III. Forthcoming DOJ Policies on Self-Disclosure and Independent Compliance Monitors
The new memorandum also directs DOJ officials and prosecutors to create uniform practices. Some of these changes reflect practices that most prosecutors already adhere to. For example, the memorandum directs prosecutors drafting corporate agreements to include a statement of facts and a discussion of the considerations that led the DOJ to enter into the agreement.
Other changes are meant to offer a carrot to companies with strong cultures of compliance. The memorandum directs every DOJ component to adopt a formal written policy that ensures that a company benefits from voluntary self-disclosure of misconduct. These written policies must include the following “core principles”: (i) DOJ generally will not seek a guilty plea where a company has self-reported, cooperated, and remediated the wrongdoing; and (ii) DOJ will not impose an “independent compliance monitor” for self-reporting companies that have demonstrated effective compliance programs.

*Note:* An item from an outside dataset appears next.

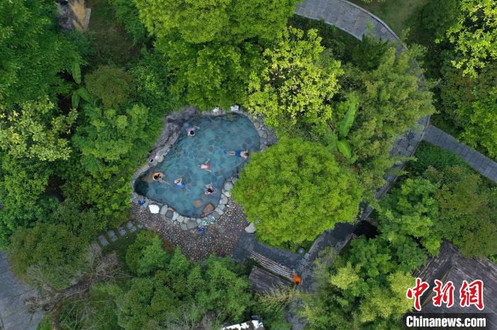 航拍民眾在貴州石阡古溫泉景區(qū)泡溫泉。瞿宏倫 攝

The new memorandum also instructs all relevant DOJ components to adopt a public monitor selection process by the end of 2022 and outlines specific factors that prosecutors must consider in deciding whether to seek a monitorship. These factors include:
- Does the company have an effective compliance program?

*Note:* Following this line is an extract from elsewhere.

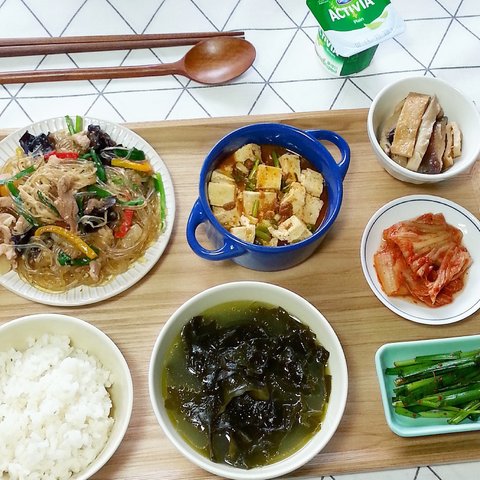 미역국 / 잡채 / 마파두부 / 어묵버섯볶음 / 배추김치 / 부추겉절이

- How long did the misconduct occur?
- Did the company take steps to remediate the misconduct?
- Did the company self-disclose the conduct?

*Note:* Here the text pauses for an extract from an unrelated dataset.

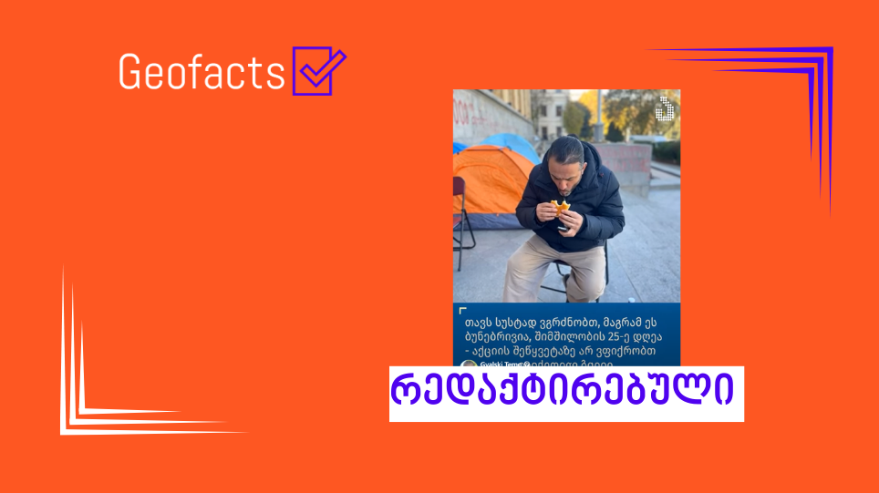 სოციალურ ქსელში Facebook-მომხმარებელი Gvalski Temo, რომლის მიერ გავრცელებული დეზინფორმაცია „ჯეოფაქტსს“ წარსულშიც გადაუმოწმებია (1, 2, 3), „კოალიცია ცვლილებებისთვის“ ერთ-ერთი ლიდერის, გედევან ფოფხაძის ვიდეოს (დაარქივებული ბმული) ავრცელებს, რომელშიც ის საკვებს (სავარაუდოდ, ღვეზელს) იღებს. ვიდეოს თან ახლავს წარწერა: „თავს სუსტად ვგრძნობთ, მაგრამ ეს ბუნებრივია, შიმშილობის 25-ე დღეა – აქციის შეწყვეტაზე არ ვფიქრობთ“. ვიდეოს მარჯვენა ზედა კუთხეში თან ახლავს ლოგო „ა“. რეალურად, ვიდეო ყალბია და ხელოვნური ინტელექტის მიერაა შექმნილი.

- Are there unique compliance risks that the company faces and are they already subject to regulatory oversight?
IV. The DOJ’s Recognition of International Issues
Finally, the new memorandum contains two pieces of guidance for companies with international operations. First, consistent with its “no piling on” policy, the memorandum allows federal prosecutors to refrain from prosecuting individuals that are subject to prosecution in foreign countries for the same underlying facts. However, this decision is highly discretionary and the prosecutor is entitled to rely on a panoply of factors―probable sentence, willingness of foreign jurisdiction to prosecute, strength of evidence―when deciding to allow a foreign country to prosecute.
Second, for companies navigating the various data-privacy laws enacted by different countries and states, the memorandum takes a sword and shield approach. While recognizing that these data privacy laws can hamper good faith efforts by companies to turn over evidence and self-report violations, the memorandum also instructs prosecutors to determine whether a corporation is acting sincerely or “actively seek[ing] to capitalize on data privacy laws and similar statutes to shield misconduct inappropriately from detection and investigation by US law enforcement.”
Takeaways
The key message of the Monaco memo is that the DOJ views companies that employ preemptive, systemic tools, and financial incentives to deter corporate malfeasance as best positioned to investigate and root out such misconduct. While the DOJ continues to adopt a carrot and a stick approach with its corporate guidance, this memorandum also suggests that it is willing to offer nuanced guidance in response to practical, real world problems that companies face when implementing compliance programs.